Marriage Maintenance—The Practical Side
You know that check engine light we all have on our cars? What if the next time yours came on instead of taking your car to the shop you took a piece of black, electrical tape and covered it up? What if instead of doing simple, required maintenance or perhaps even going further and having a major repair you might not have been expecting, you just chose to ignore that light?
When I was in high school, a close friend of mine was gifted a barely used car. I remember it well because I liked the car and had always wanted that model car for my first vehicle. Well, my friend was inexperienced with vehicles and also young. So, when that light came on the dashboard for the first time she ignored it for a while until one day the car stopped running altogether. In the end, she was told that all the car had needed to prevent its ultimate demise was a routine oil change.
The check engine light comes on in our cars to warn us that something is in need of attention. In the same vein, when we experience pain in our bodies it is a sign that something is not as it should be and needs to be addressed. Sometimes the attention needed is simple, routine maintenance (like an oil change) that will keep the car running in top condition. Other times, something has gone wrong and needs a major repair to prevent further damage or complete failure.

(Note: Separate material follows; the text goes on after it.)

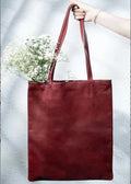 Genuine Leather Flat Tote Bag in Maroon

Marriage or any long term relationship is much like a car. Marriage requires routine care to keep it healthy and sometimes it requires a major overhaul. I think the first step to a great long-term relationship is realizing that relationships are work. When we first meet someone and even when we make the decision to commit to them for long-term, it is easy to get caught up in the wonder and warm fuzzies of new love. But, if new love is to become a lasting commitment that stands the test of time and various life seasons it will require work.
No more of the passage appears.